Entropy and the Kullback-Leibler Divergence for Bayesian Networks: Computational Complexity and Efficient Implementation

Marco Scutari
2024-01-15
Abstract:Bayesian networks (BNs) are a foundational model in machine learning and causal inference. Their graphical structure can handle high-dimensional problems, divide them into a sparse collection of smaller ones, underlies Judea Pearl's causality, and determines their explainability and interpretability. Despite their popularity, there are almost no resources in the literature on how to compute Shannon's entropy and the Kullback-Leibler (KL) divergence for BNs under their most common distributional assumptions. In this paper, we provide computationally efficient algorithms for both by leveraging BNs' graphical structure, and we illustrate them with a complete set of numerical examples. In the process, we show it is possible to reduce the computational complexity of KL from cubic to quadratic for Gaussian BNs.
Artificial Intelligence,Machine Learning,Computation
What problem does this paper attempt to address?

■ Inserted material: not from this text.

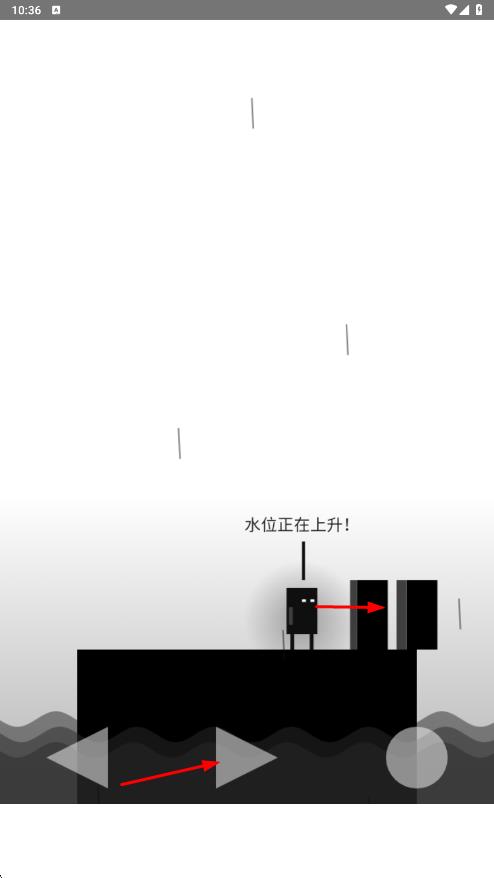 2、借助下方【方向鍵】操控角色移動,推動黑色方塊搭建平臺,應對【水位正在上升】的危機。

This paper focuses on how to compute Shannon's entropy and Kullback-Leibler divergence in Bayesian Networks (BNs) and provides efficient algorithms for different types of Bayesian Networks. The authors point out that although Bayesian Networks have been widely used in machine learning and causal inference, there is little resource on how to compute these information-theoretic quantities under various distribution assumptions. The paper first introduces the basic concepts of Bayesian Networks, including their graphical structure, factorization, and how to use them to deal with high-dimensional problems. Then, the paper discusses in detail three common distribution assumptions: discrete Bayesian Networks, Gaussian Bayesian Networks, and conditional linear Gaussian Bayesian Networks. For each type, the paper explores their computational complexity and how to efficiently compute entropy and Kullback-Leibler divergence. For discrete Bayesian Networks, the paper demonstrates how to extract local distributions from the global distribution through marginalization and normalization, as well as the complexity of computing the global distribution. For Gaussian Bayesian Networks, the paper proposes a method to reduce the computational complexity from cubic to quadratic, which is particularly important for large networks. Finally, the paper also discusses conditional linear Gaussian Bayesian Networks, which is a hybrid model combining discrete and continuous variables. In addition, the paper discusses the advantages and disadvantages of exact computation and Monte Carlo sampling estimation, and points out that exact computation is more efficient in certain cases. The authors also implement a set of algorithms and integrate them into the bnlearn R package to facilitate research in this field. In summary, this paper fills a knowledge gap in the field of Bayesian Networks, providing efficient algorithms for computing key information quantities under different distribution assumptions, which helps improve the application of Bayesian Networks in machine learning.